Co-ops and condos are going a little crazy these days with fancy amenities, like wine cellars, golf simulators and even pet spas. But some of them come with unintentional consequences, right?

I work with a 152-unit building in Queens, and the board decided that it would be a convenience to shareholders to install an ATM machine in a common area. They had an alcove across from the laundry room, which was in a corridor on the way to the garage. The treasurer talked to different companies and recommended to the board one that would give the co-op 75 cents a transaction. They sent over a contract, and the board asked me to take a quick look at it.

What did you find?

At least a dozen things that I thought were bad. They wanted us to provide a secure room to count the money, the right to put in additional ATM’s with neon lights anywhere they wanted on the property, and for us to indemnify them against any and all claims anybody made against them. I also found it interesting that they wanted to charge users $2 a transaction, a fee they could raise as they saw fit, but the amount the co-op got would stay the same. To top it off, the contract would renew automatically every year unless we gave them a 60-day notice not to.

In other words, not a good deal.

It was a terrible contract. I asked the board to let me make revisions, give it back to the company and see what they’d say. I did, and the next thing I knew, they signed, no questions asked. That said, the co-op makes so little money that the company only pays us every three months.

But didn’t the board really see this as a service for shareholders as opposed to a moneymaker?

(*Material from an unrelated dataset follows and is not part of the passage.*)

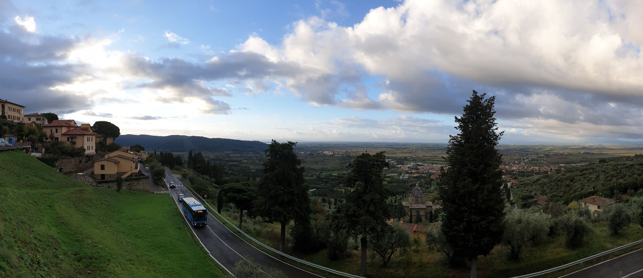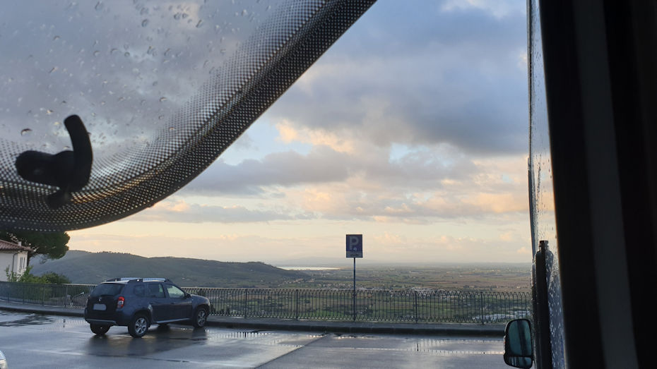Wir hatten eine nicht so erholsame Nacht. Ralf war es schlecht und der Regen trommelte in heftiger Lautstärke aufs Dach. Doch heute Morgen sieht Alles anders aus. Die Wolken reißen auf und die Sonne scheint über die unter uns liegende Toskana und Teile Umbriens. Ein wunderbarer Anblick von hier oben auf diesem Aussichtsplatz in Cortona.

I think they wanted to make a few bucks from this empty space and thought that maybe it would be good for shareholders. Now the ATM is there, and they’re pushing it as an amenity, but I don’t believe it’s going to get a whole lot of use. Also, it’s going to take them three or four years to recoup what they had to pay in legal fees.

What’s the lesson here?

If someone gives you a lease contract and tells you it’s a standard form, don’t take their word for it. Whether it’s for an ATM, laundry room or cellphone towers on the roof, have a lawyer – ideally, someone who specializes in reading contracts – look it over, ask questions and make changes if needed. This is something that people overlook all the time, but you can’t be too careful.